▶ Task objective: Once the pictures are removed, reproduce what is left of the data below exactly.
(Beginning of The data)
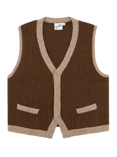 1940s Style Rufus Knitted Waistcoat - Coffee Bar
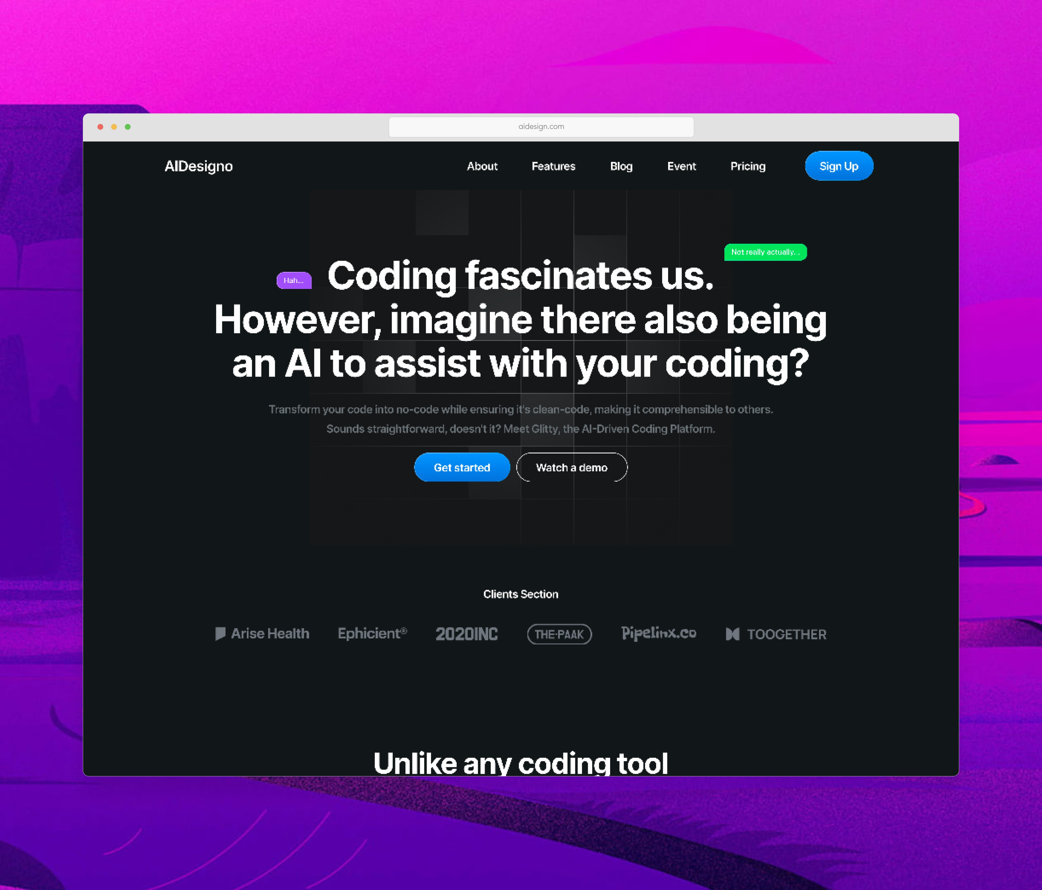 Whether you're a seasoned designer or a complete novice, our intuitive tools and AI-driven features make creating websites, apps, and interactive content a breeze. Say goodbye to the limitations of traditional coding and hello to limitless creativity with AIDesigno.
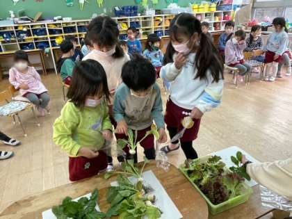 野菜がこんなに! 公開日 2023/02/21 更新日 2023/02/21 幼稚園の様子 寒い冬の間も野菜がこんなふうに元気に美味しそうに育ちました。4歳児きく組の子どもたちが収穫し家に持ち帰ります。 いいね(0)
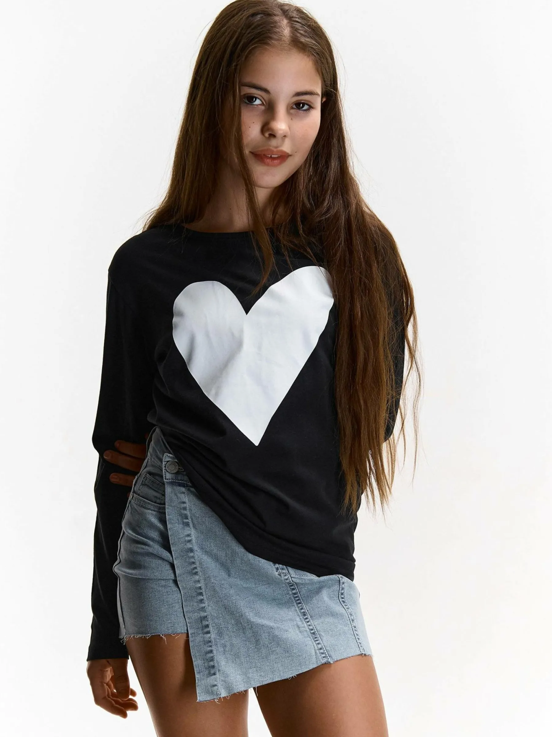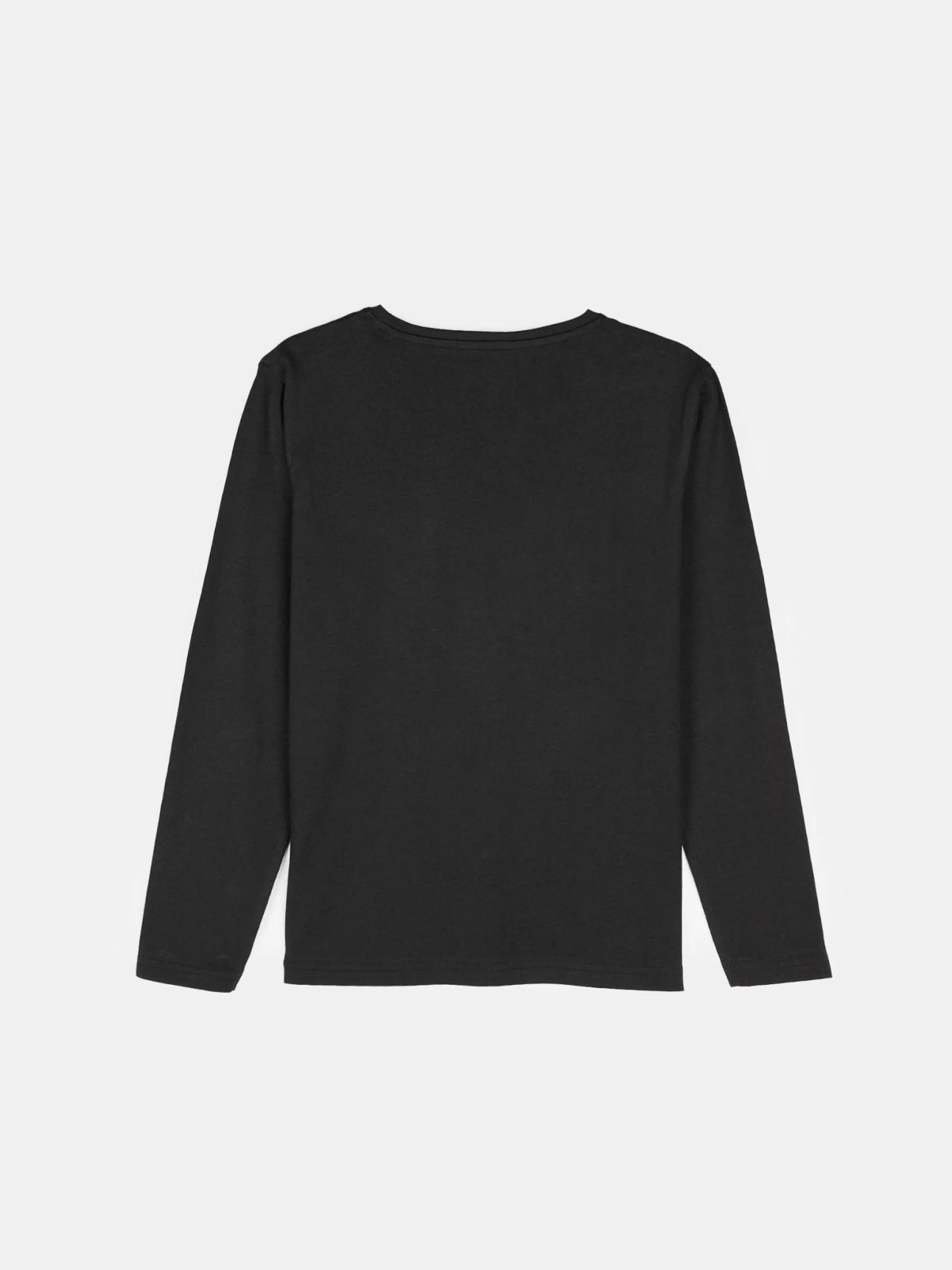 Kolor: czarnyKrój: podstawowyTyp: koszulkaRekaw: długi rękawDługość: krótkiPattern style: z nadrukiemDetal: nad g…
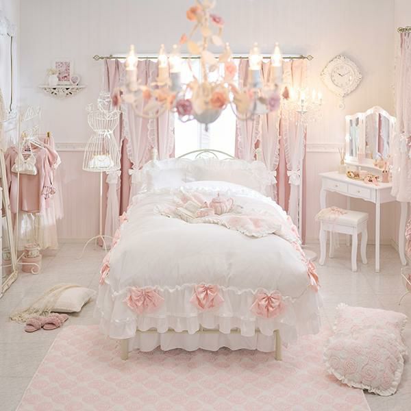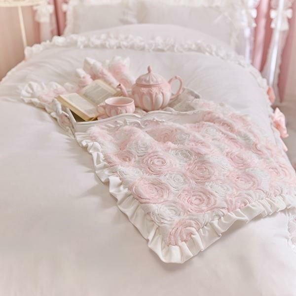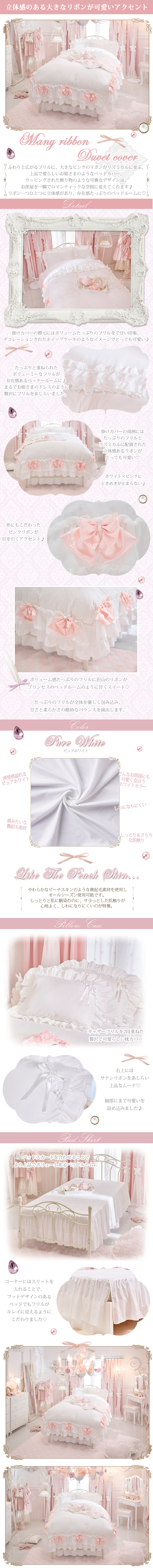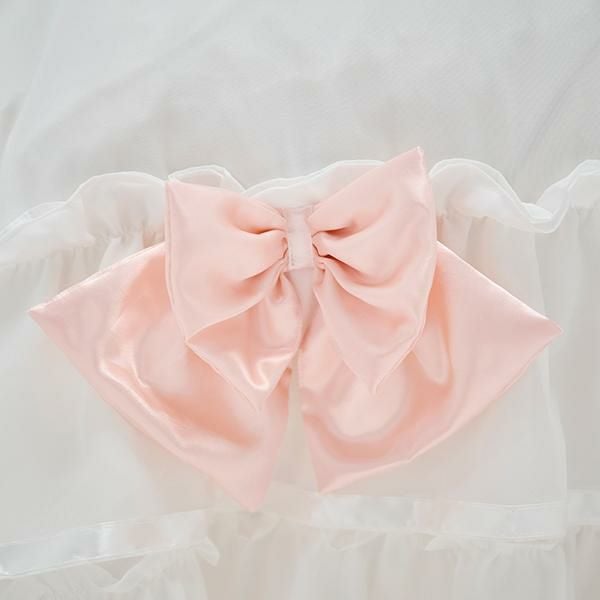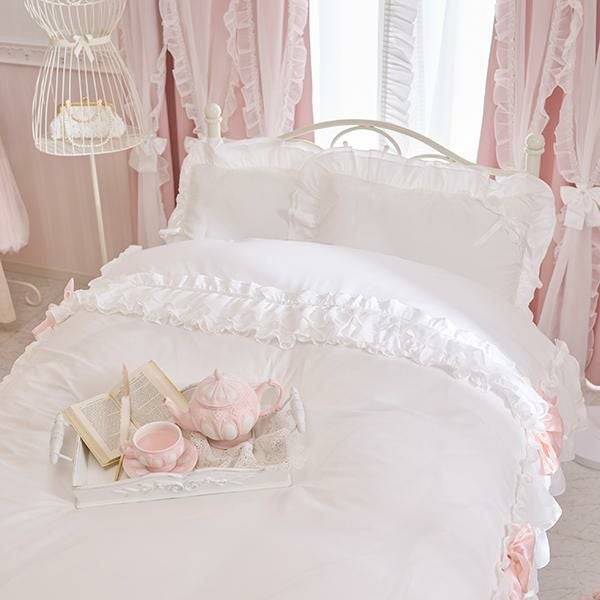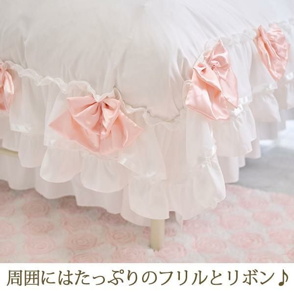 ※本製品に使用しているフリルやリボンは繊細な装飾パーツのため、強く引っ張ったり、無理な力を加えると破損やほつれの原因となります。お取り扱いの際はやさしくご使用ください。また、洗濯時やベッドメイクの際にも無理に引っ張らず、形を整えながらやさしく扱っていただくことをおすすめします。
(End of The data)
▶ Output below:
 1940s Style Rufus Knitted Waistcoat - Coffee Bar
 Whether you're a seasoned designer or a complete novice, our intuitive tools and AI-driven features make creating websites, apps, and interactive content a breeze. Say goodbye to the limitations of traditional coding and hello to limitless creativity with AIDesigno.
 野菜がこんなに! 公開日 2023/02/21 更新日 2023/02/21 幼稚園の様子 寒い冬の間も野菜がこんなふうに元気に美味しそうに育ちました。4歳児きく組の子どもたちが収穫し家に持ち帰ります。 いいね(0)
 Kolor: czarnyKrój: podstawowyTyp: koszulkaRekaw: długi rękawDługość: krótkiPattern style: z nadrukiemDetal: nad g…
 ※本製品に使用しているフリルやリボンは繊細な装飾パーツのため、強く引っ張ったり、無理な力を加えると破損やほつれの原因となります。お取り扱いの際はやさしくご使用ください。また、洗濯時やベッドメイクの際にも無理に引っ張らず、形を整えながらやさしく扱っていただくことをおすすめします。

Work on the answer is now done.